2. Interpretation judgment
The ability to look at what AI produces and know when it is wrong. You cannot learn this in a weekend workshop. It comes from years of seeing what good looks like and what failure looks like. AI can produce a perfect-looking financial model, legal brief, or strategic plan. Only someone who has seen a hundred real ones knows when the perfect-looking one is wrong. Google's head of research said it directly: when he hires, he's not looking for technical skills. He's looking for judgment.
3. Deep domain knowledge
The experience that tells you whether the specification is good or garbage. AI can produce an answer to any question. Only someone who has lived in that field for twenty years knows whether you even asked the right question. This cannot be downloaded. It cannot be fast-tracked. It cannot be automated.
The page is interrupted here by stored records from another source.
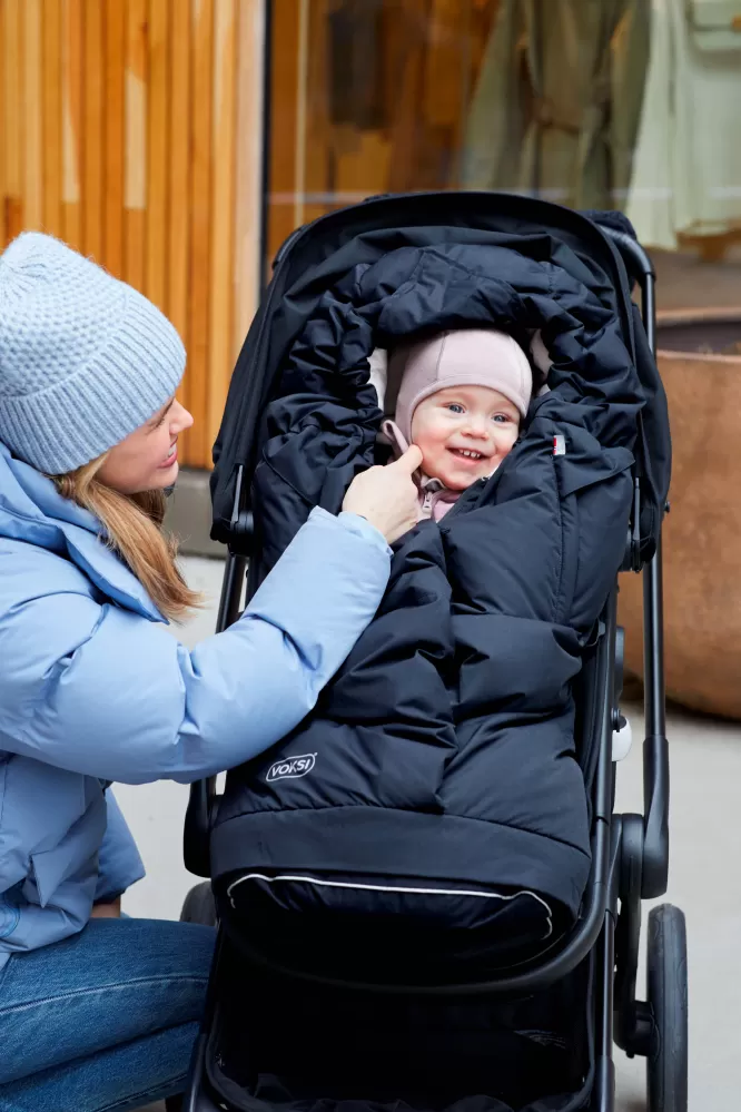 Tento model je vyrobený z nejkvalitnějších přírodních materiálů, jako je vlna a prachové peří. Voksi City North je na zadní straně vyplněn přírodní vlnou, která zajišťuje komfortní teplotu a odvádí vlhkost od dítěte. Kompletní výplň je z nejkvalitnějšího prachového peří. Unikátní krabicový tvar fusaku podtržený střihovou modelací zabraňuje pronikání chladu do jeho vnitřku. Vzduch mezi vlákny prachového peří poskytuje maximální izolaci a udržuje vaše dítě v teple po celý podzim a zimu. Bavlněný, měkký materiál použitý na vnitřní stranu je příjemný pro miminko nejen když spinká. Vnější tkanina je větru odolná, disponuje vodním sloupcem minimálně 8000 mm a je ošetřena vrstvou BIONIC-FINISH®ECO, což znamená, že je vodoodpudivá. Pokud je venku prudký déšť, doporučujeme použít pláštěnku na vnější stranu. Všechny materiály použité na Voksi City North mají certifikaci OEKO-TEX®standard 100, třída 1, což je značka kvality, která označuje, že žádný z materiálů ve výrobku neobsahuje škodlivé chemikálie.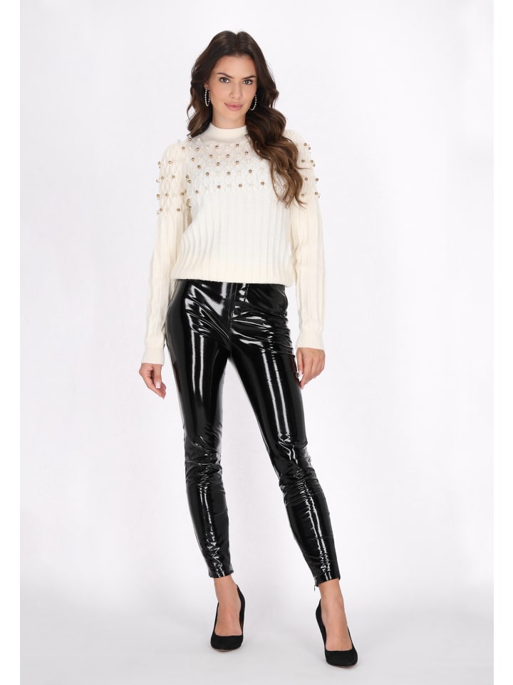 Подчеркните свой стиль с помощью этого пушистого свитера с длинными рукавами, украшенного замысловатыми украшениями на груди и руках. Круглый вырез добавляет элегантности, а приталенный силуэт создает шикарный вид. Эта модель идеально подходит для тепла и модного стиля. Ребристые манжеты, воротник и нижний край обеспечивают плотную и удобную посадку.
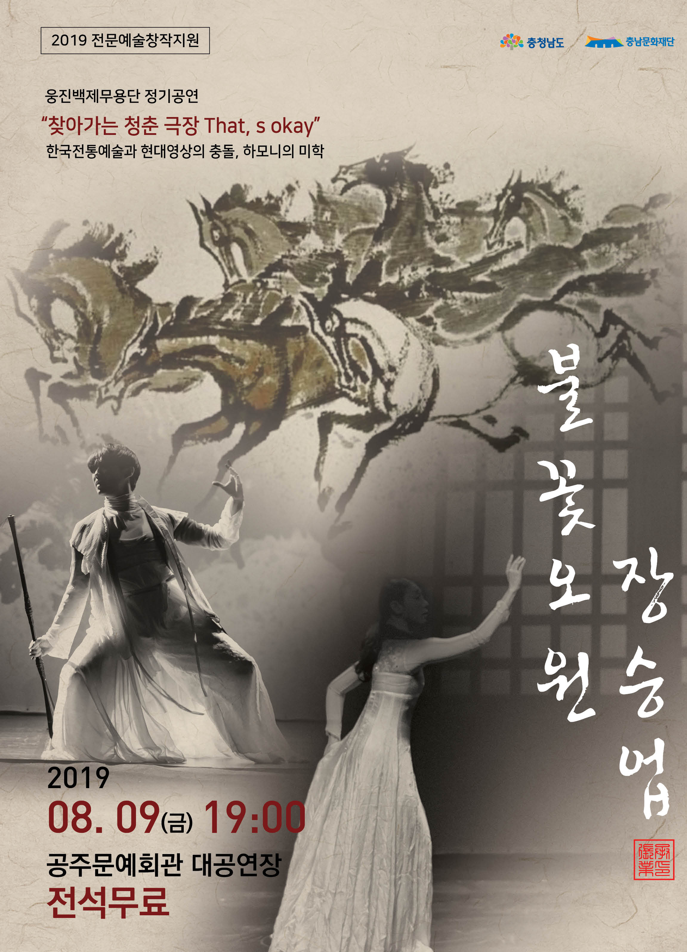 대관공연 불꽃오원 장승업 공연기간2019-08-09 공연시간19:00 / 90 공연장소대공연장 티켓정보전석무료 관람등급초등학생 이상 공연주최웅진백제무용단 공연문의010-2316-5535 공지사항 공연소개 프로그램 출연진

The Dallas Fed calls it tacit knowledge. Process work can be copied. Experience cannot. What you've built over decades — that is not a liability in the age of AI. It is the advantage.
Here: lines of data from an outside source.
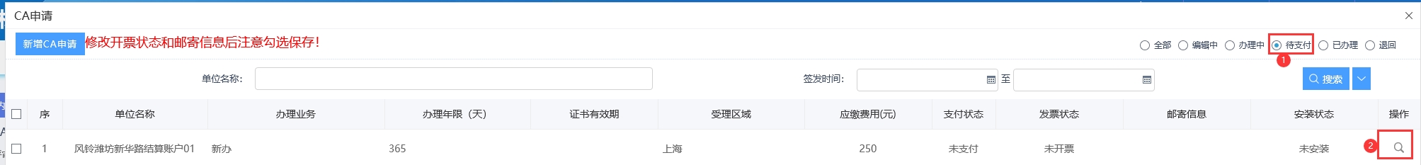 4.4 支付成功后 待中心端管理员进行制章,制章完成后,点击CA申请页面进行,插入申请CA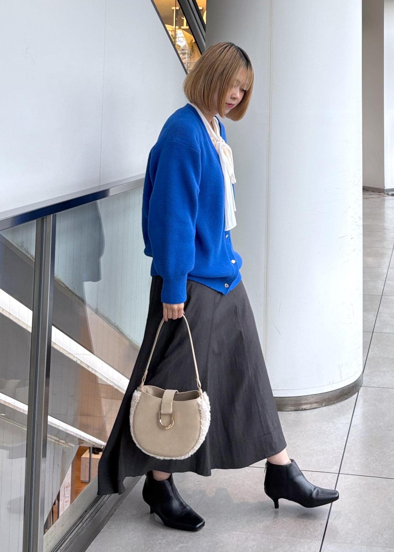バッグは、ふわふわのボアが季節感を出してくれるので、これから秋冬コーデにも合わせやすいデザインです☺︎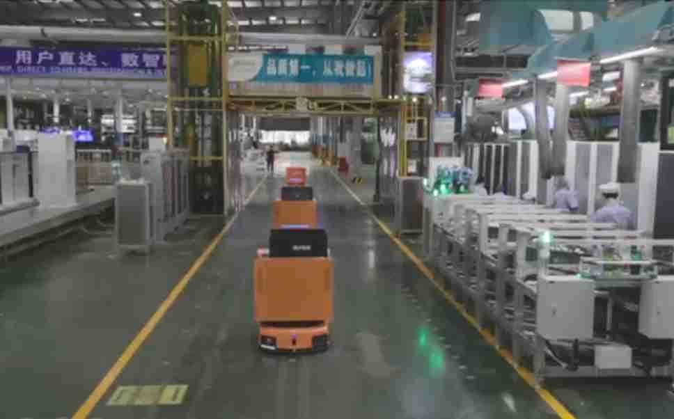 为车载冰箱物流配送打造的智能解决方案,,包含产中物流通过潜伏举升AMR搬运至线边,,,,产后成品物流智能仓储,,,流程包含产中物流智能齐套入库,,,,线边安灯叫料AMR智能配送至线边,,,成品入库、、、、出库,,,,通过无人堆高车机器人,,,智能仓储管理替代人工作业管理,,,,实现更高存储、、、、更高效率、、、、更具柔性化的解决方案。。。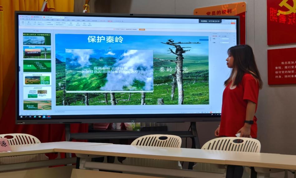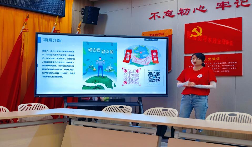 实践团成员用图片和视频向社区群众介绍了“绿水青山就是金山银山”的理念、“碳达峰”与“碳中和”、“秦岭保护”、“秦岭四宝”、垃圾分类的知识,为大家带来一场生动有趣的环保宣讲会。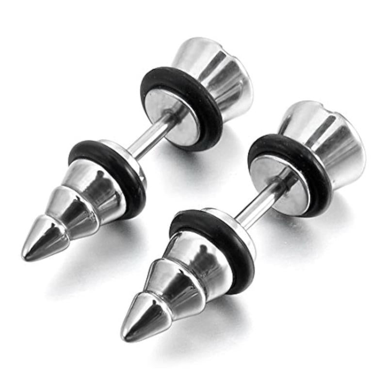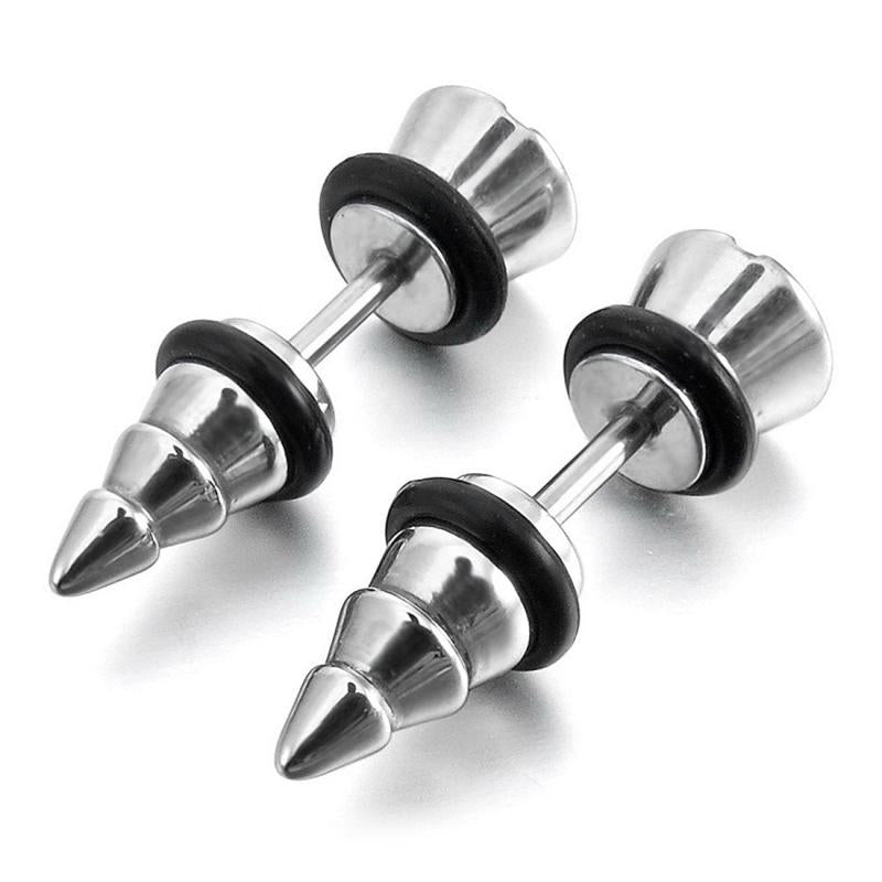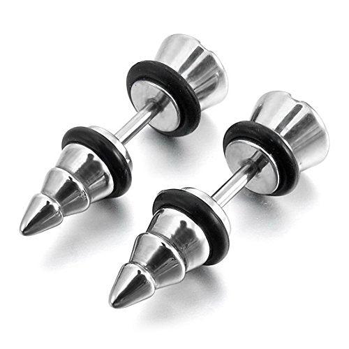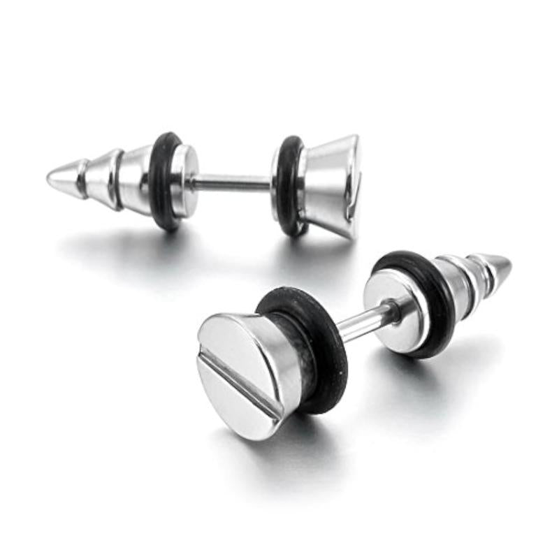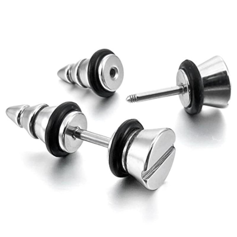 Elevate your style with these trendy stainless steel stud earrings featuring rubber tone screw spike plug tapers. Perfect for adding a touch of edginess to any outfit.

Domain depth multiplied by AI capability equals real leverage. That is the formula. And the depth part — you already have it.
The window is open now
Jack Dorsey said most companies will reach the same conclusion and make similar structural changes within the year. The restructuring memo does not check which sector you work in. Finance, operations, legal, marketing — it is coming to every department in every industry.
It is better to hear this now — clearly, calmly, with the research in front of you — than in eighteen months when the memo arrives and you haven't positioned yourself.
The next time you delegate something to AI, ask yourself: could I explain to someone with no context in my industry exactly why this output is right or wrong? If you can — that is your experience in action. That is the thing that cannot be automated. If you can't — that is the gap to close. And closing it is not a technology problem. It is a depth problem.
The window to build these three skills — specification, interpretation, domain knowledge — is open right now. It will not stay open forever.